Dès l’origine, Pino Rabolini nourrit une vision forte : la joaillerie doit être audacieuse, vivante et intimement liée à la personnalité de celle qui la porte. Pensée pour une nouvelle génération de femmes revendiquant une plus grande indépendance, elle est conçue pour accompagner chacun de leurs mouvements.
Au fil des décennies, la Maison ne cesse de s’affranchir des conventions, en redéfinissant non seulement les codes esthétiques de la joaillerie, mais aussi ce qu’elle peut représenter lorsqu’elle est choisie par les femmes, pour elles-mêmes.
« Pomellato est née à une époque marquée par de profondes mutations, au cours de laquelle les femmes ont revendiqué plus de liberté, d’indépendance et de visibilité. La marque a été la première à proposer une vision tout aussi transformatrice de la joaillerie, à la fois raffinée, sensuelle et résolument contemporaine. »
Issu d’une famille d’orfèvres milanaise réputée pour son savoir-faire dans l’art de la chaîne, Pino Rabolini s’est appuyé sur son héritage pour sublimer cet élément fonctionnel en signature créative.
De Ricciolo (1968) à Tre Ori (1993), en passant par Catena Spiga (1987), Intreccio (1983) et le premier bracelet Gourmette (1967), la chaîne est conçue comme un objet souple et vivant, au toucher sensuel, qui accompagne naturellement les mouvements du corps. Aux côtés d’esquisses originales et d’images d’archives, les créations exposées témoignent du savoir-faire et de la précision du geste derrière l’apparente simplicité. Qu’il s’agisse des plaques qui épousent parfaitement la forme du cou, des mécanismes fluides ou des formes sculpturales qui masquent entièrement l’attache, chaque innovation privilégie confort et liberté de mouvement, plutôt que l’effet visuel.

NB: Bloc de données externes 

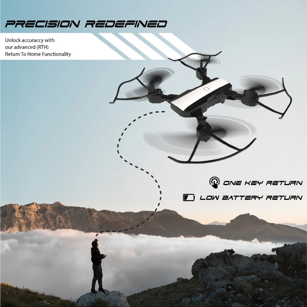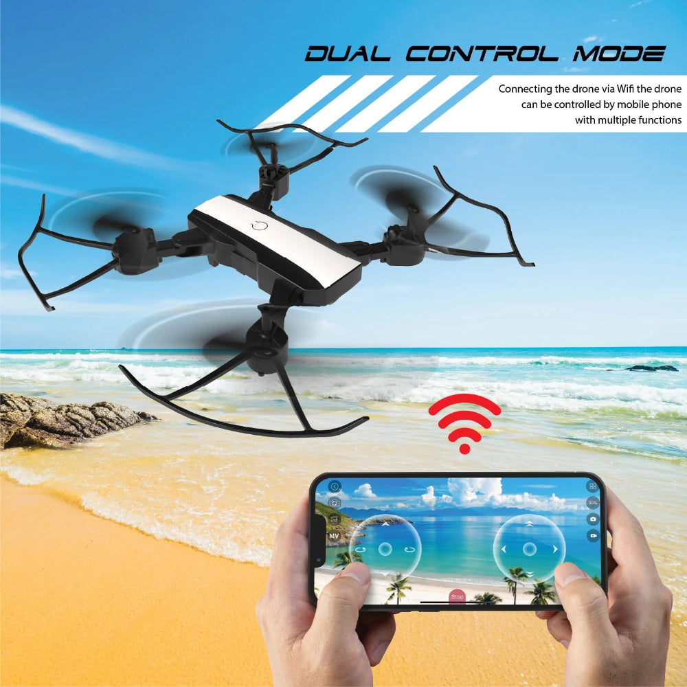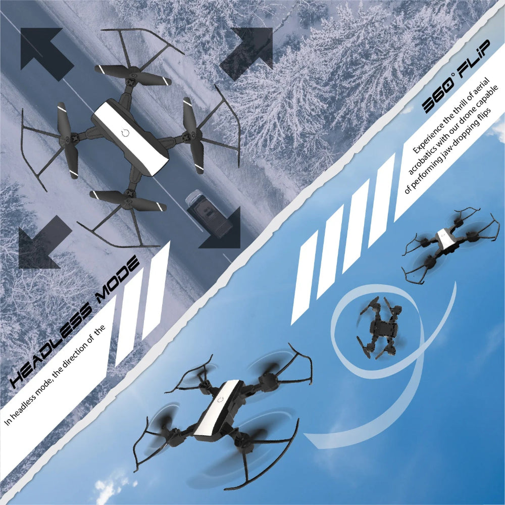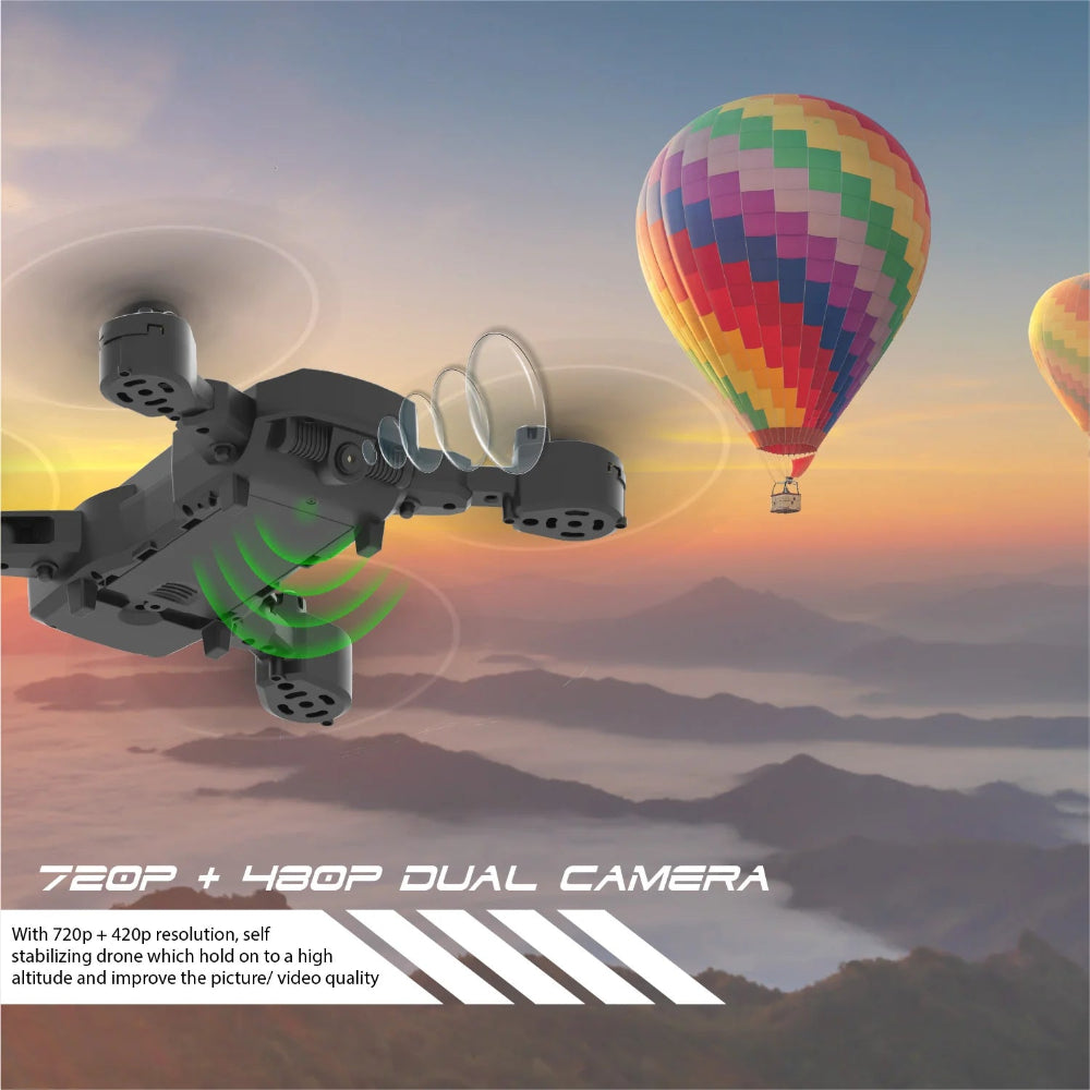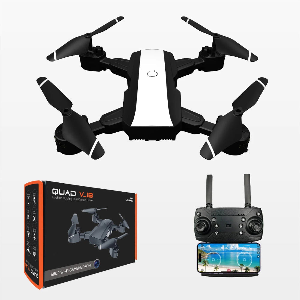 The Dual-camera Drone QUAD V 18 is a compact, lightweight drone perfect for indoor and outdoor flying. It features a dual-camera system capable of recording HD 720P video and capturing photos. The drone also offers a headless mode, eliminating concerns about orientation for easy control responsiveness.

Pour Catene (2021), l’une des collections contemporaines les plus emblématiques de la Maison, les maillons, finis à la main, atteignent une fluidité exceptionnelle, presque liquide. Dans certaines pièces, l’or semble s’effacer sous un dense pavage de pierres : le sertissage irrégulier, signature de la Maison, fait presque disparaître le métal.
Au fil de leur parcours, les visiteurs découvrent un univers de bijoux colorés, sélectionnés non seulement pour leur rareté et leur valeur, mais surtout pour leur profondeur chromatique, leur toucher et leur résonance émotionnelle. Telle est la philosophie « Free gems » de Pomellato : une remise en question des hiérarchies traditionnelles qui célèbre une beauté libérée des conventions.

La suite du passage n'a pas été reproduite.